Volgend jaar is hij dertig jaar dood. Kaoru Abe blijft na al die tijd een van de ultieme krachtpatsers van de saxofoon. Enkele duimen groot, maar wat een geluid. Abe wou per se de luidste zijn, de hardste, de moeilijkste, de meest vrije en ongestructureerde. Wat voor de ander moeilijk is, dat waar hij liever zijn vingers niet aan brandt, is noodzaak - eerste oorzaak - voor de ene. Je verbaast je er dan ook niet bovenmatig over dat Abe, nog piepjong, ten gevolge van een maagscheur overleed. Wie naar de essentie op zoek gaat en ze ook vindt (het gezicht van God zien, quoi) moet sterk in zijn schoenen staan.
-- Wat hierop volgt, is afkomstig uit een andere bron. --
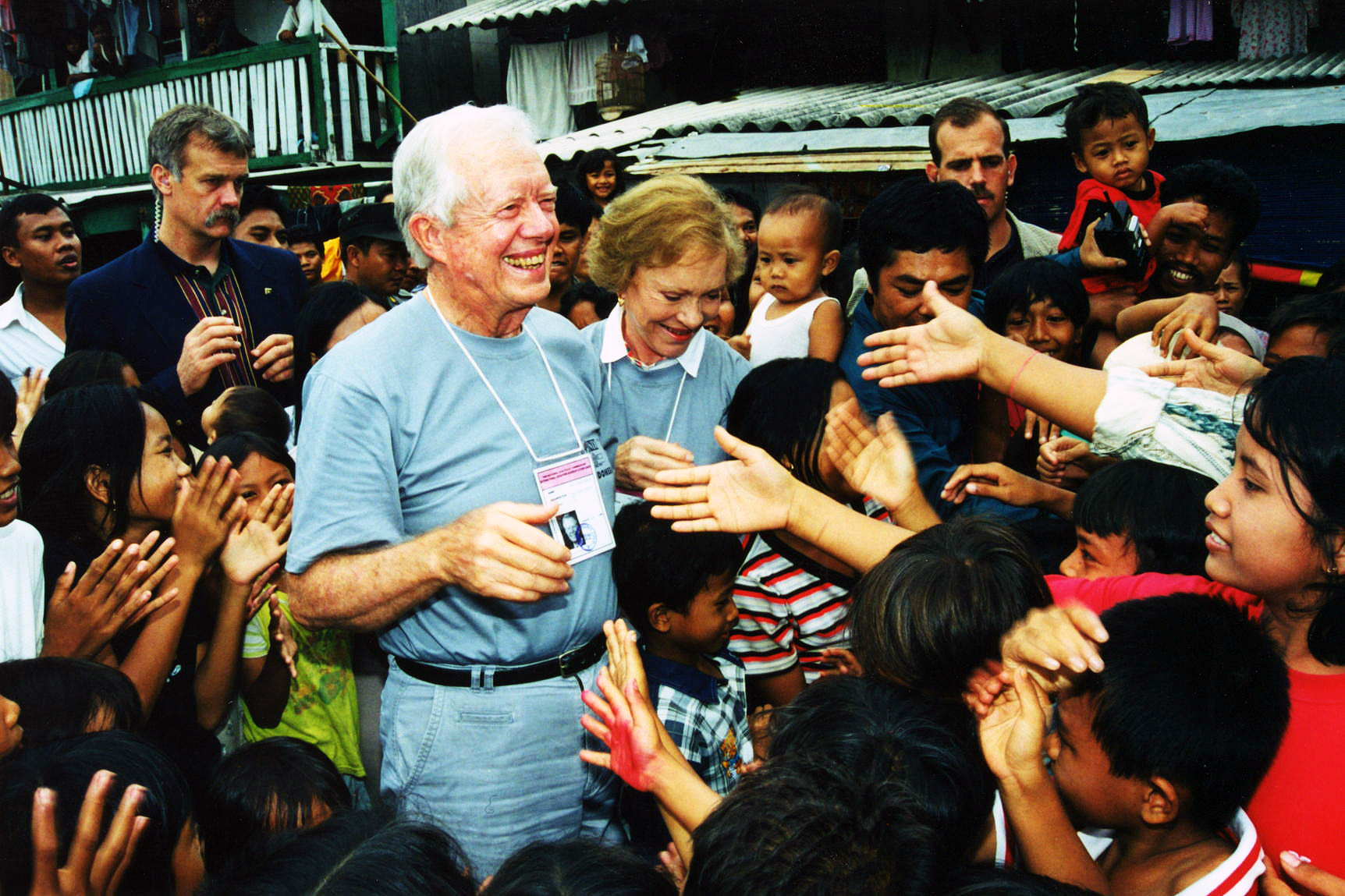 Former U.S. President Jimmy Carter and former First Lady Rosalynn Carter shaking hands with children during the Indonesian elections June 5-9, 1999.

Hoe overleef je dat, de waarheid in de ogen zien? Wat te doen als het overgrote deel van de medemensen niet eens begrijpt waar je het over hebt? Maurice Blanchot kwam het grootste deel van zijn leven nauwelijks nog buiten, vermeed menselijk contact. Jean-Luc Godard zoekt nog steeds koppig verder naar nieuwe uitdrukkingsmogelijkheden voor het beeld, trekt er zich niks van aan dat op een enkeling na niemand nog volgt, laat staan geïnteresseerd is in de revolutie. Niet iedereen is zo sterk. Martin Heidegger viel voor vanitas, hoogmoed en de Nazi’s. Derrick May produceerde zich leeg en zal waarschijnlijk nooit meer muziek maken. Brian Wilson is er gek van geworden en een levend wrak. Céline werd fascist en verviel tot literair gemurmel. Nietzsche dacht dat hij Jesus Christus was.
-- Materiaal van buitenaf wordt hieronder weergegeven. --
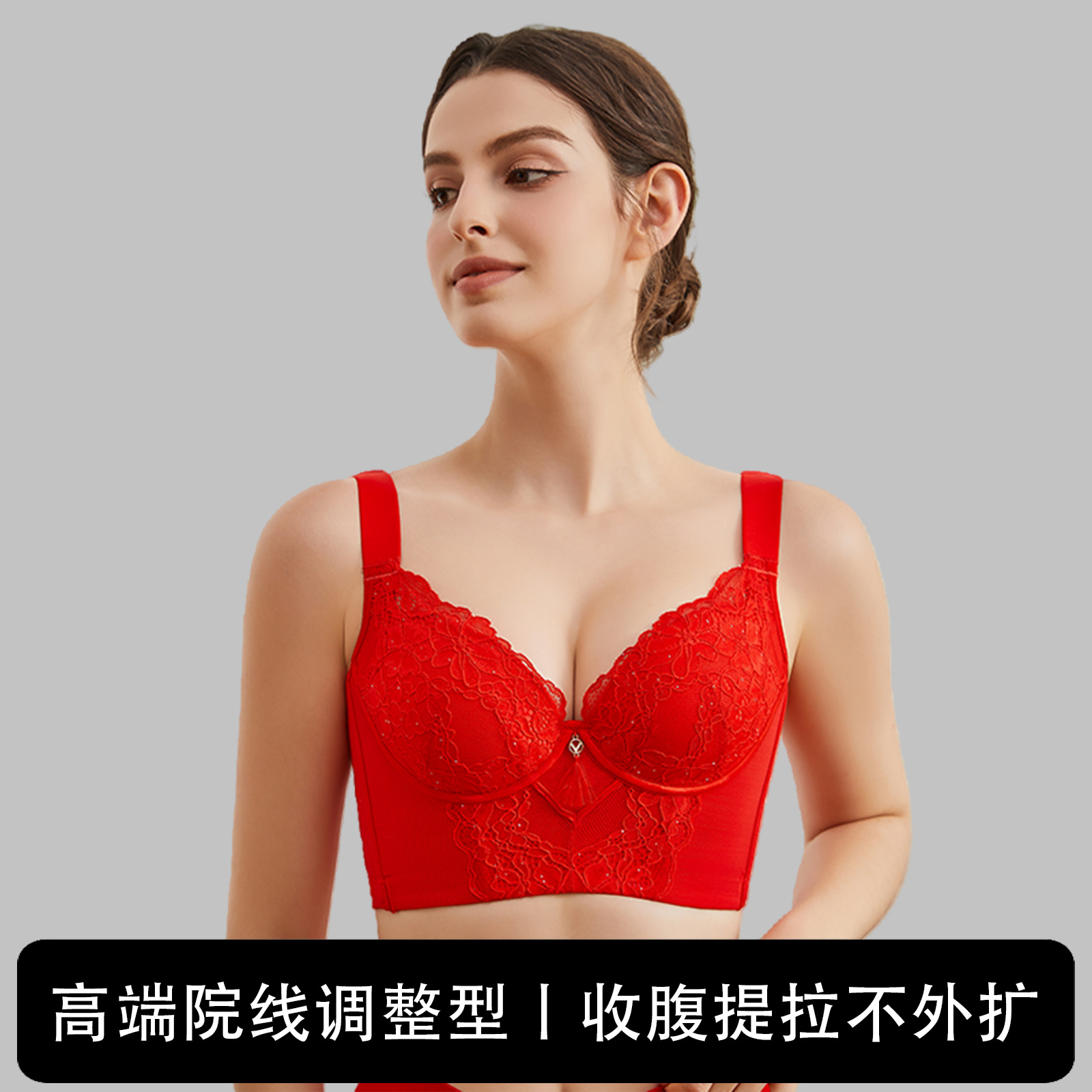 大红本命年结婚聚拢大胸显小内衣女收副乳防外扩软钢圈全罩杯文胸

Abe was, zoals vele genieën en sleutelfiguren, een iconoclast. Hij lachte je gewoonweg uit als je niet even ver ging, kon gaan, als hijzelf. Vervreemde van publiek en vriendschap, totdat hij ten slotte nog enkel in een klein zaaltje voor zichzelf stond te spelen. De muze hield hij gespijsd met verdoemde liefde, sloten drank en ontelbare geleegde pillenflesjes. Na 31 jaar houdt het vergankelijke lichaam het dan voor gezien. Gelukkig is er dan nog de muziek. Als onuitputtelijke troost.
De bron van Abe’s verzengende geloof in eigen kunnen lag in het feit dat hij zichzelf had leren spelen, op pure wil. Dan heb je geen god of gids nodig, ni dieu, ni maître. Anderen worden volgers. Wat kan je immers van hen leren? Drummer Sabu Toyuzumi, één van de mannen die hem van Kawasaki naar grootstad Tokyo gehaald had, vroeg hem ooit of hij zich ook maar iets gelegen liet liggen aan de muzikanten met wie hij speelde. Abe verwaardigde zich slechts een half-ironisch, half-vals grijnslachje.
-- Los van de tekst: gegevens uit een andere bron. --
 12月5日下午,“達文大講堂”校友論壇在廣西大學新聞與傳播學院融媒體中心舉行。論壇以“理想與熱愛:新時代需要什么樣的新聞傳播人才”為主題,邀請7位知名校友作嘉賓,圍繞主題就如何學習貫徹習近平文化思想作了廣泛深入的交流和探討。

Gitarist en Masayuki Takayanagi, nochtans zelf geen gemakkelijke jongen (hij ontsloeg ooit zijn collega’s van het New Direction trio door hen op een affiche voor een volgend concert voor een voldongen feit te stellen en, als schepje erbovenop, hen voor vulgaire verraders van de goede zaak te brandmerken), kon aanvankelijk nog volgen. De platen waarop ze samen spelen Mass Projection, Gradually Projection en Deconstructive Sympathy zijn gitaar-sax noiseduo’s met de oerkracht van een vuurspuwende vulkaan. Snelheid, volume en onberekenbaarheid worden een ritme op zichzelf. Luisteren is leven. Maar kom niet te dichtbij, je zou je kunnen branden. Ook hij moest opgeven toen Abe na een show van liefst vier uur tabula rasa purperblauw uitsloeg… maar toch doorging. Een andere keer was het een dol geworden clubeigenaar die gewoon de stekker eruit trok.
Niet dat zulks Abe tegenhield. Hij had de gewoonte om langs de snelweg te repeteren, al toeterend en skronkend probeerde hij zijn gelijk te halen tegenover de geluidschaos van het immer in flux zijnde auto- en vrachtwagenverkeer. Ook de oerkracht van de rivierwind was een uitdaging, een tegenstander op niveau. Toen hij op een keer langs de Tamagawa stond te brullen met zijn saxofoon, belde een verschrikte schipper de politie. Hij dacht dat er iemand vermoord werd.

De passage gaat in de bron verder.